TensorFlow on state-of-the-art HPC clusters: a machine learning use case
Document typeConference lecture
Rights accessOpen Access
The recent rapid growth of the data-flow programming paradigm enabled the development of specific architectures, e.g., for machine learning. The most known example is the Tensor Processing Unit (TPU) by Google. Standard data-centers, however, still can not foresee large partitions dedicated to machine learning specific architectures. Within data-centers, the High-Performance Computing (HPC) clusters are highly parallel machines targeting a broad class of compute-intensive workflows, as such they can be used for tackling machine learning challenges. On top of this, HPC architectures are rapidly changing, including accelerators and instruction sets other than the classical x86 CPUs. In this blurry scenario, identifying which are the best hardware/software configurations to efficiently support machine learning workloads on HPC clusters is not trivial.
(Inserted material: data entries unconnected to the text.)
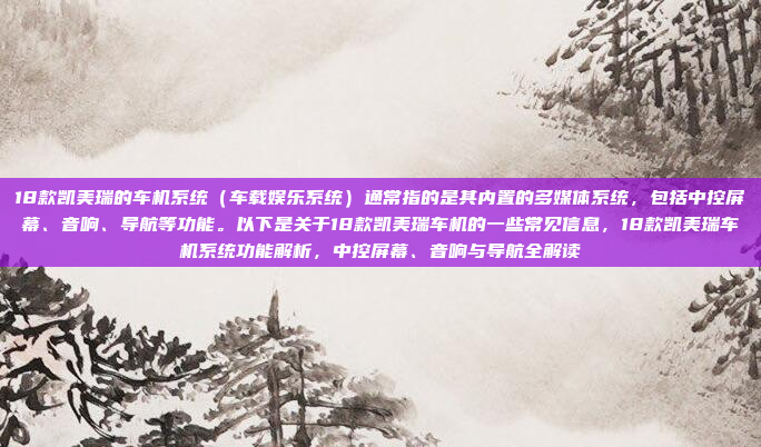 18款凯美瑞的车机系统(车载娱乐系统)是其车内多媒体系统的核心组成部分,主要功能包括中控屏幕操作、音响控制、导航以及多媒体娱乐等,该系统通常配备一块中控触摸屏,支持蓝牙连接、手机互联(如CarPlay和Android Auto)等功能,为驾驶者提供便捷的娱乐和导航体验,车机系统还集成了一定的语音控制功能,进一步提升了驾驶时的操作便利性,部分高配车型可能配备更高级的音响系统,带来更优质的听觉享受,总体而言,18款凯美瑞的车机系统设计简洁实用,操作便捷,能够满足日常驾驶中的多种需求,受到用户的广泛好评。
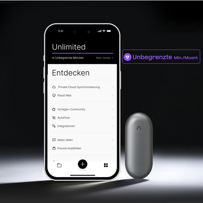 - Dual-Modus-Aufnahme: Wechsel zwischen den Modi für Telefonanrufe und persönliche Treffen.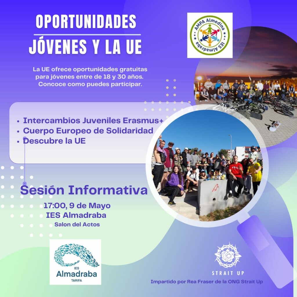Para que los interesados puedan conocer de primera mano todos los detalles de estas oportunidades y proyectos, el AMPA del IES Almadraba de nuestra ciudad, en colaboración, y de la mano de Rea Fraser de la ONG Strait Up, organiza una sesión informativa abierta para el próximo 09 de mayo a las 17:00h, que se celebrará en el Salón de Actos del mencionado Instituto tarifeño.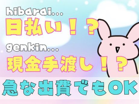 給与 | 時給1,327円以上 給与 時給 1327円以上 ◆全額日払い・現金手渡しOK(規定あり) 交通費:交通費支給 ※案件による |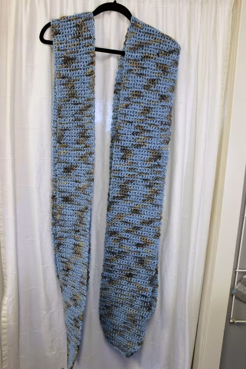 Halsduk, virkad blå/brun, två olika bredder.

In this paper, we considered the workflow of TensorFlow for image recognition. We highlight the strong dependency of the performance in the training phase on the availability of arithmetic libraries optimized for the underlying architecture. Following the example of Intel leveraging the MKL libraries for improving the TensorFlow performance, we plugged the Arm Performance Libraries into TensorFlow and tested on an HPC cluster based on Marvell ThunderX2 CPUs. Also, we performed a scalability study on three state-of-the-art HPC clusters based on different CPU architectures, x86 Intel Skylake, Arm-v8 Marvell ThunderX2, and PowerPC IBM Power9.
CitationRamirez-Gargallo, G.; Garcia-Gasulla, M.; Mantovani, F. TensorFlow on state-of-the-art HPC clusters: a machine learning use case. A: "2019 19th IEEE/ACM International Symposium on Cluster, Cloud and Grid Computing (CCGRID)". 2019, p. 1-8.